→ Exercise goal:
Produce the lines from the one containing "Abdus Samad Labu, Chairman" through the end of the material exactly as they appear, both ends included, and leave the pictures out.

→ The data:

....

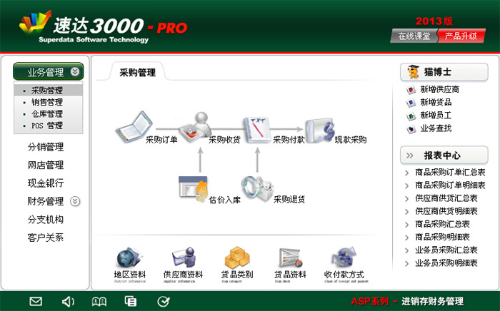 《速达3000G-PRO商业版》集进销存、POS、财务、CRM为一体的中小企业管理软件系统。系统采用导航式界面,易学易用、功能强大,是帮助中小企业规范经营管理、财务管理的有效工具。系统支持局域网/互联网多用户应用,实现异地多机构、多店面、多仓库等远程应用,支持Android移动终端应用,数据实时同步,安全、稳定、高效、易维护,特别适合中小企业使用。
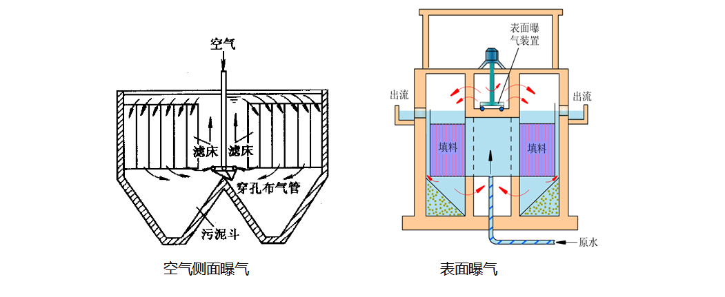 2. 如设计或运行不当,填料可能堵塞,此外,布水、曝气不易均匀,可能在局部出现死角。
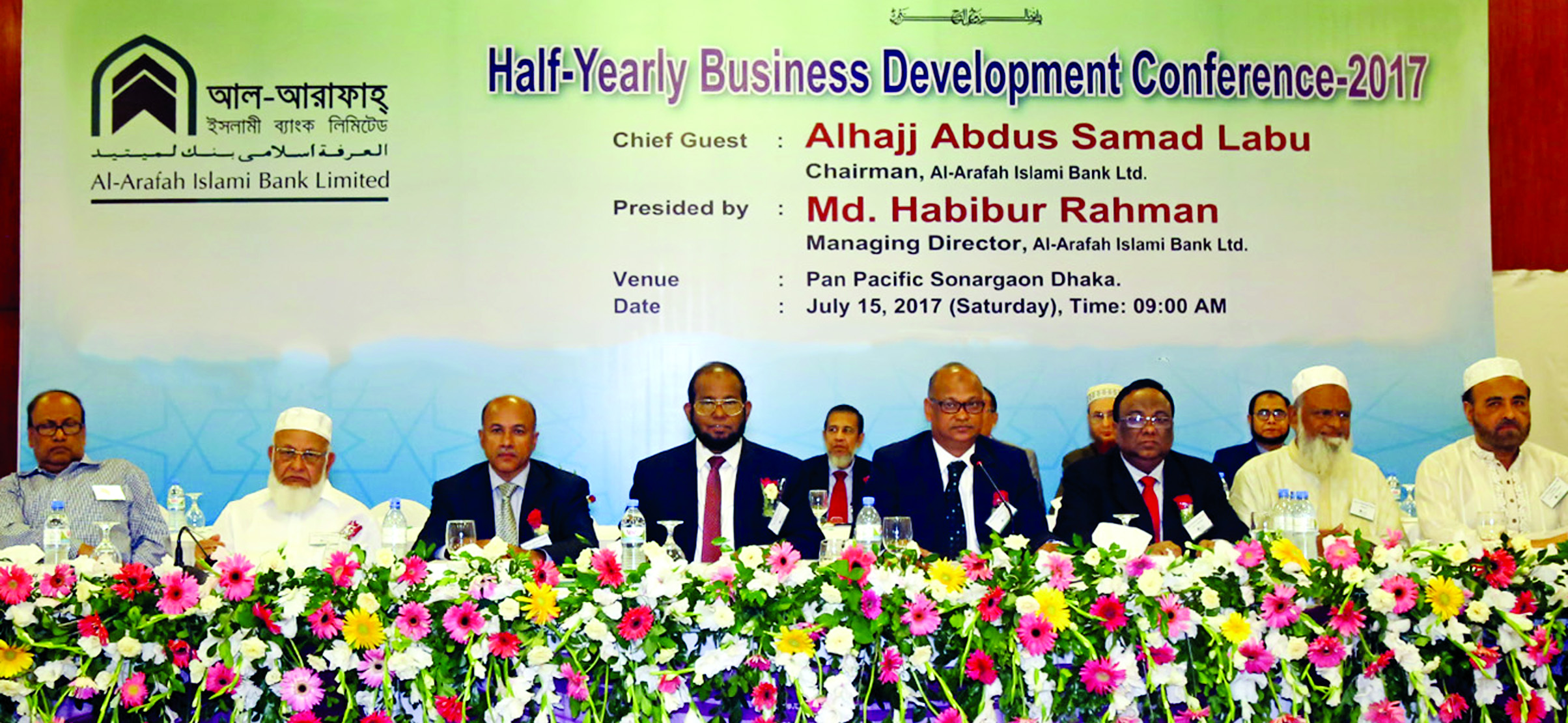 Abdus Samad Labu, Chairman of Al-Arafah Islami Bank Ltd. presiding over its Half-Yearly Business Development Conference 2017 at a city hotel on Saturday. Md. Habibur Rahman, Managing Director, Md. Abdus Salam, Vice- Chairman, Nazmul Ahsan Khaled, Md. Haru
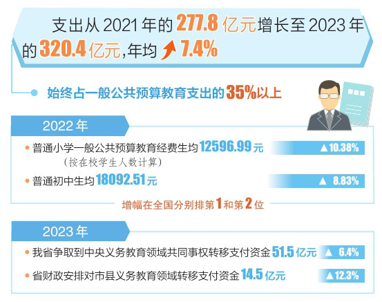 本報訊(記者任志霞)6月13日,記者從省財政廳獲悉,全省義務教育支出從2021年的277.8億元增長至2023年的320.4億元,年均增長7.4%,始終占一般公共預算教育支出的35%以上,義務教育優(yōu)質(zhì)均衡發(fā)展得到切實保障。

....

→ Reply:
 Abdus Samad Labu, Chairman of Al-Arafah Islami Bank Ltd. presiding over its Half-Yearly Business Development Conference 2017 at a city hotel on Saturday. Md. Habibur Rahman, Managing Director, Md. Abdus Salam, Vice- Chairman, Nazmul Ahsan Khaled, Md. Haru
 本報訊(記者任志霞)6月13日,記者從省財政廳獲悉,全省義務教育支出從2021年的277.8億元增長至2023年的320.4億元,年均增長7.4%,始終占一般公共預算教育支出的35%以上,義務教育優(yōu)質(zhì)均衡發(fā)展得到切實保障。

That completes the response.